Suppose we have a training dataset

$$ \big\{ (x^{(1)},y^{(1)}) , (x^{(2)},y^{(2)}) , \cdots , (x^{(m)},y^{(m)}) \big\} $$

with 
* $L$ number of layers in the network, and 
* $s_l$ number of units (not including the bias unit) in layer $l$

We'll consider two types of classification; 
1. **binary classification**, where
   $$ y \in \{0,1\} $$
   and there is 1 output unit, or
   $$s_L = 1$$
   We'll say, for simplicity that $K$, the number of classes, is 1.
2. **multiclass classification** of $K$ classes, where
   $$y \in \mathbb{R}^K$$
   and there are $K$ output units, or 
   $$s_L = K, K \ge 3$$ 

Our cost function for the NN will resemble a more broad version of the logistic regression cost function:

$$ 
\begin{align}
J(\Theta) = & - \frac{1}{m} \Big[ \sum_{i=1}^m \sum_{k=1}^K
               y_k^{(i)} \log \big( (h_\Theta (x^{(i)}))_k \big) + 
               (1-y_k^{(i)}) \log \big( 1 - (h_\Theta (x^{(i)}))_k \big)
               \Big] \\
               & + \frac{\lambda}{2 m} \sum_{l=1}^{L-1} \sum_{i=1}^{s_l} \sum_{j=1}^{s_{l+1}} 
               \big( \Theta_{j,i}^{(l)} \big)^2
\end{align} 
\\ 
\\
h_\Theta (x) \in \mathbb{R}^K, (h_\Theta(x))_i := i\text{th output}
$$

Again, this resembles the logistic regression, where we're basically summing over multiple logistic regression cost functions. Our regularization term is similar again, but we're summing over the parameter matix (rather than array) for all of the layers.
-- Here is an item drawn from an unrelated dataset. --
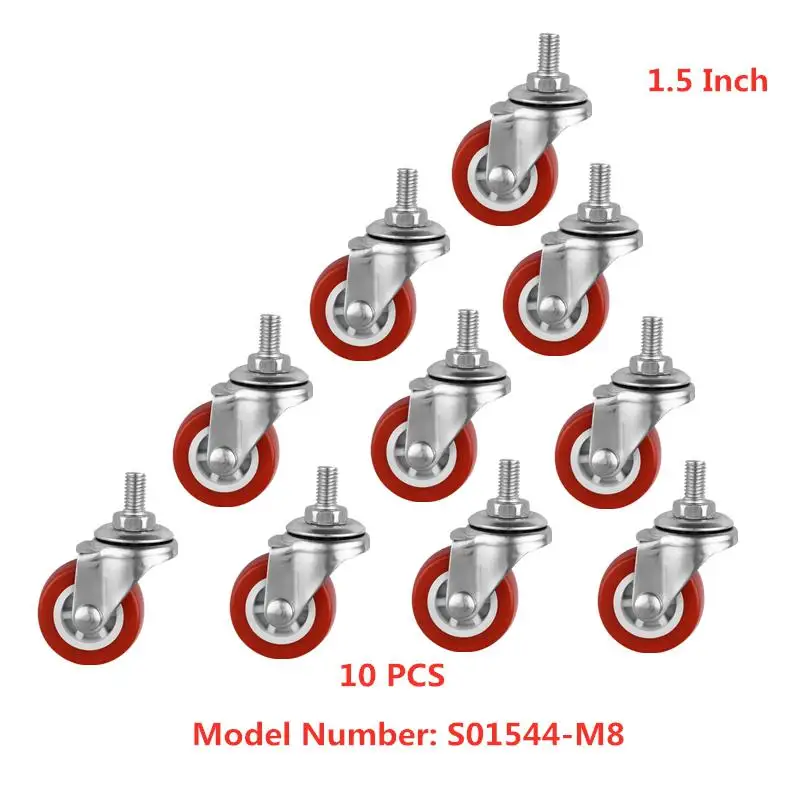 10 шт./лот, точечный 1,5 дюймовый красный винтовой ролик M8, универсальный ролик, ПВХ пластиковое колесо, стекло, механическое Резервное копирование

### Backpropagation Algorithm

The backpropagation algorithm is a method for minimizing the cost function on the paramters. To do so, we'll again need to compute, for a given set of parameters

$$ J(\Theta) \text{ and } \frac{\partial}{\partial \Theta_{i,j}^{(l)}} J(\Theta) $$

Let's start by talking about a training set of only one sample,

$$(x,y)$$

and using a 4 layer NN. Our forward propagation looks as following:

$$
\begin{align}
a^{(1)} & = x \\
z^{(2)} & = \Theta^{(1)} a^{(1)} \\
a^{(2)} & = g(z^{(2)}), \text{ add } a^{(2)}_0 \\
z^{(3)} & = \Theta^{(2)} a^{(2)} \\
a^{(3)} & = g(z^{(3)}), \text{ add } a^{(3)}_0 \\
z^{(4)} & = \Theta^{(3)} a^{(3)} \\
a^{(4)} & = h_\Theta(x) = g(z^{(4)}) 
\end{align}
$$